Task statement: Your answer must be the data repeated exactly, with no pictures in it.

Supplied material:
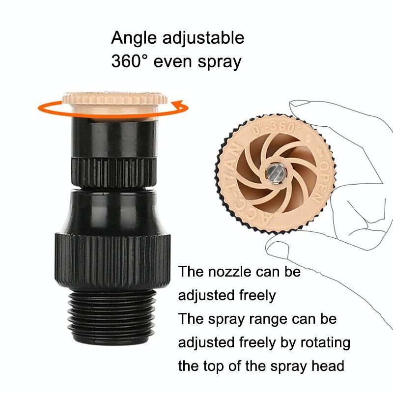 1. Η κεφαλή του ψεκαστήρα μπορεί να ρυθμιστεί ελεύθερα και το εύρος ψεκασμού μπορεί να ρυθμιστεί ελεύθερα περιστρέφοντας την κορυφή της κεφαλής του ψεκαστήρα και ψεκάζοντας ομοιόμορφα 360 μοίρες
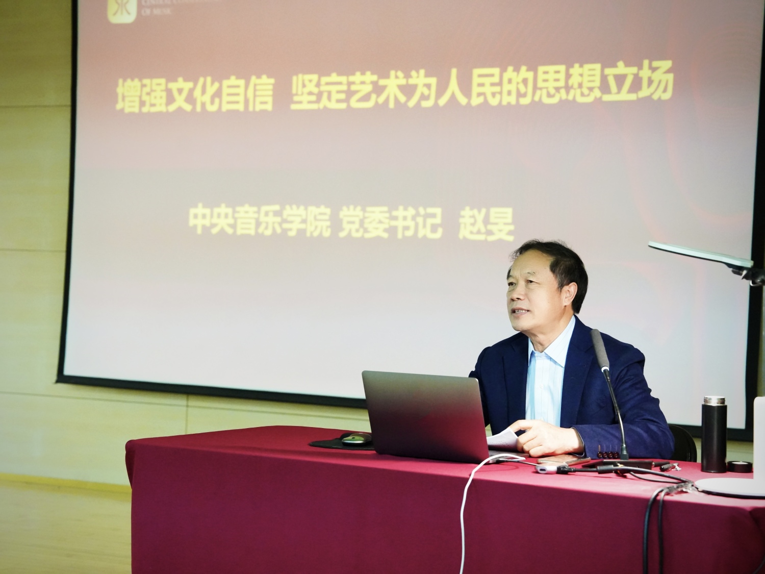 随后,赵旻书记围绕党的二十大报告中关于“推进文化自信自强,铸就社会主义文化新辉煌”部分,以《增强文化自信 坚定艺术为人民的思想立场》为主题,从四个方面为师生讲授“开学第一课”。
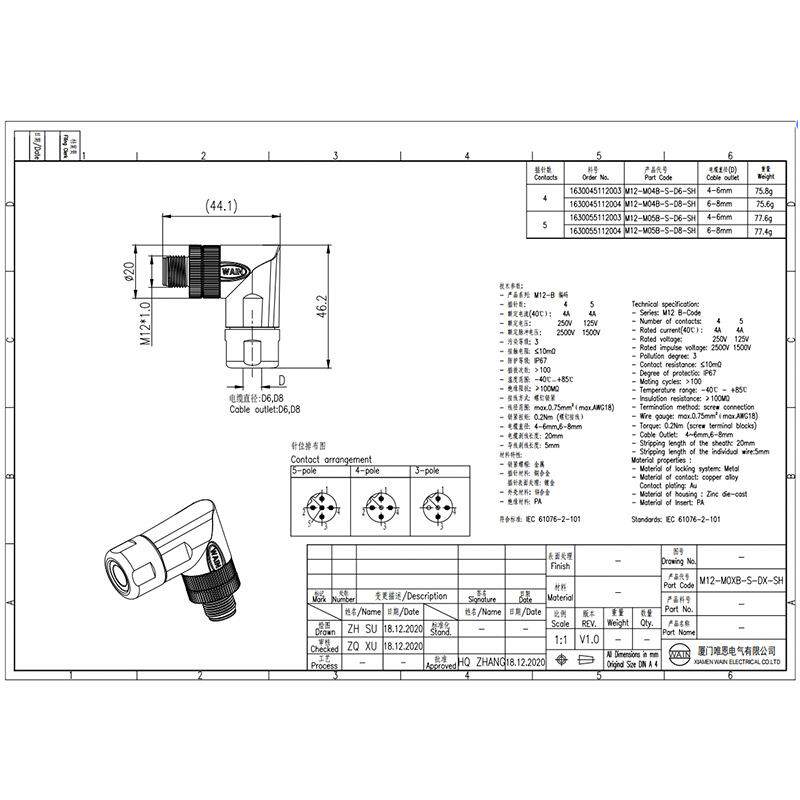 为您提供商品圆形连接器 唯恩 M12 5针 M05B WAIN 带屏蔽 公头的详细介绍,
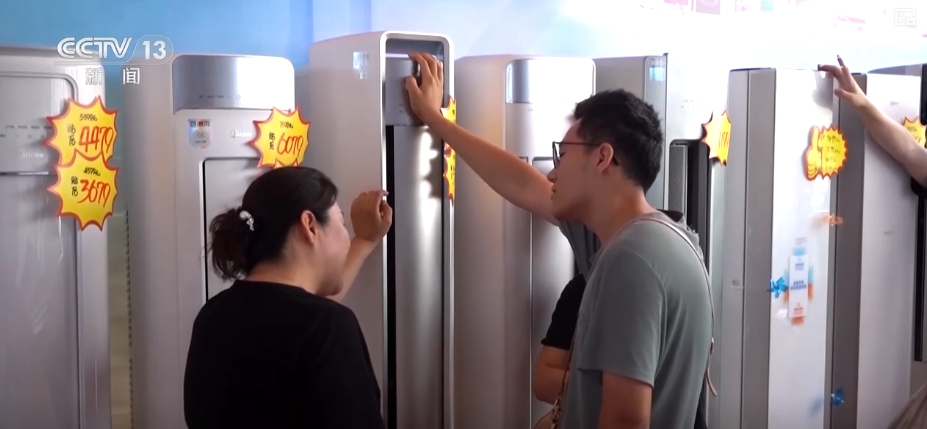 店主介紹,當(dāng)前消費(fèi)者“以舊換新”需求旺盛。6月份以來,店內(nèi)銷售量環(huán)比增長了33%,空調(diào)、冰箱等清涼家電成為消費(fèi)主力。

Result of the task:
 1. Η κεφαλή του ψεκαστήρα μπορεί να ρυθμιστεί ελεύθερα και το εύρος ψεκασμού μπορεί να ρυθμιστεί ελεύθερα περιστρέφοντας την κορυφή της κεφαλής του ψεκαστήρα και ψεκάζοντας ομοιόμορφα 360 μοίρες
 随后,赵旻书记围绕党的二十大报告中关于“推进文化自信自强,铸就社会主义文化新辉煌”部分,以《增强文化自信 坚定艺术为人民的思想立场》为主题,从四个方面为师生讲授“开学第一课”。
 为您提供商品圆形连接器 唯恩 M12 5针 M05B WAIN 带屏蔽 公头的详细介绍,
 店主介紹,當(dāng)前消費(fèi)者“以舊換新”需求旺盛。6月份以來,店內(nèi)銷售量環(huán)比增長了33%,空調(diào)、冰箱等清涼家電成為消費(fèi)主力。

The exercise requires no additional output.